#### [Dataset excerpt]
+ + + + +

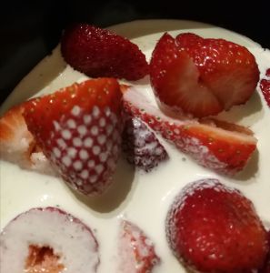 It’s not Summer, not even Spring, but Strawberries are out in the shops and are quite tasty. I had some tonight for tea with cream. I did sprinkle a bit of sweetner over the top of them.
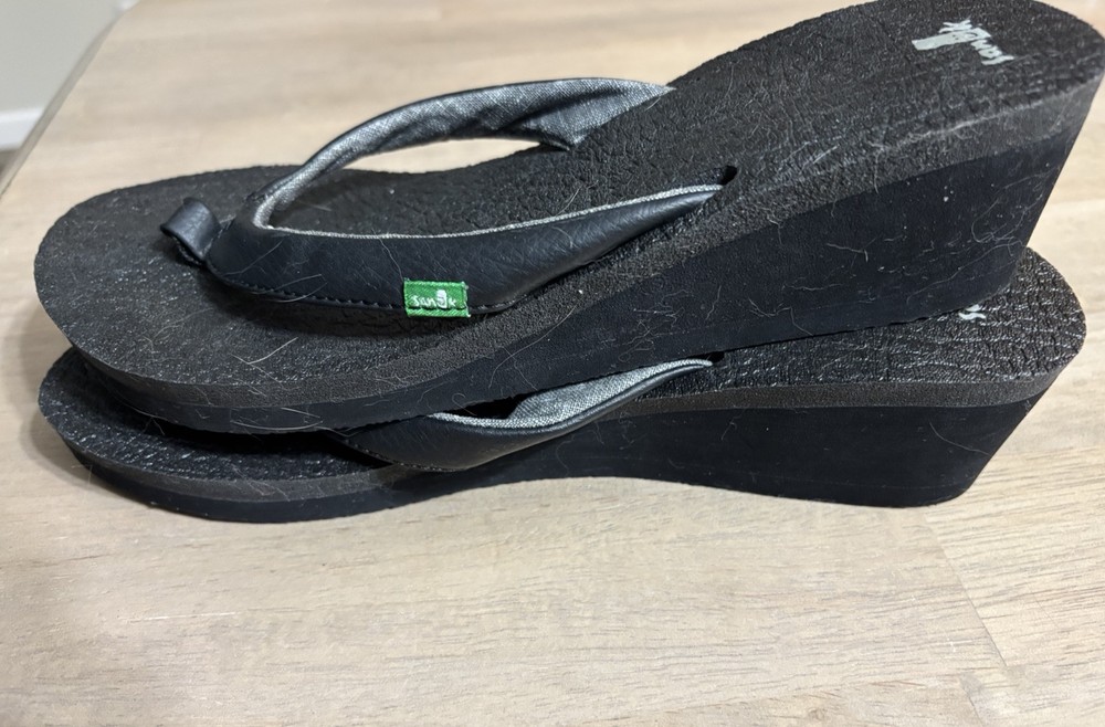 Sanuk Women’s Wedge Yoga Mat Flip Flop size 9 Heel 2”
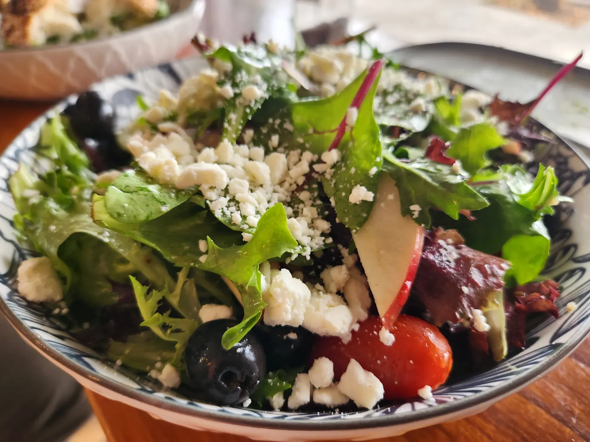 The toast and salad, however, were lovely, if unconventional. The mixed greens were fresh, the cheese soft and bringing exactly the right level of salt and umami, and the vinaigrette tangy and delicious. Thinly sliced apples were a surprise but nice left turn, making for crunchy balanced bites with the red onion, grape tomatoes, and cucumber. No bell peppers or dried cranberries were in sight, nor were they missed, and the black olives, whole and from a can, were a miss but did not taint any of the other ingredients — I simply suggest saving them for the pizzas.
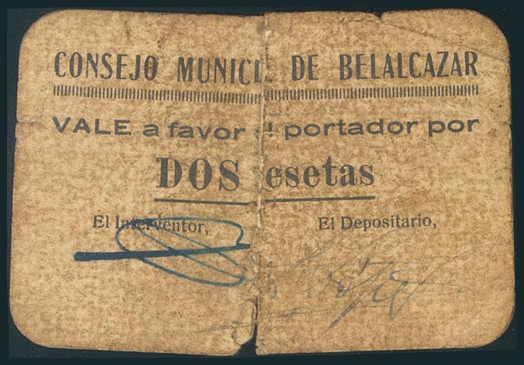 BELALCAZAR (CORDOBA). 2 Pesetas. 1938. (González: 949). Billete cosido. RC.

+ + + + +

#### [What is being asked]
Leave the pictures out and copy exactly the lines from the one that holds "The toast and" through the last line of the material.

#### [Written response]
 The toast and salad, however, were lovely, if unconventional. The mixed greens were fresh, the cheese soft and bringing exactly the right level of salt and umami, and the vinaigrette tangy and delicious. Thinly sliced apples were a surprise but nice left turn, making for crunchy balanced bites with the red onion, grape tomatoes, and cucumber. No bell peppers or dried cranberries were in sight, nor were they missed, and the black olives, whole and from a can, were a miss but did not taint any of the other ingredients — I simply suggest saving them for the pizzas.
 BELALCAZAR (CORDOBA). 2 Pesetas. 1938. (González: 949). Billete cosido. RC.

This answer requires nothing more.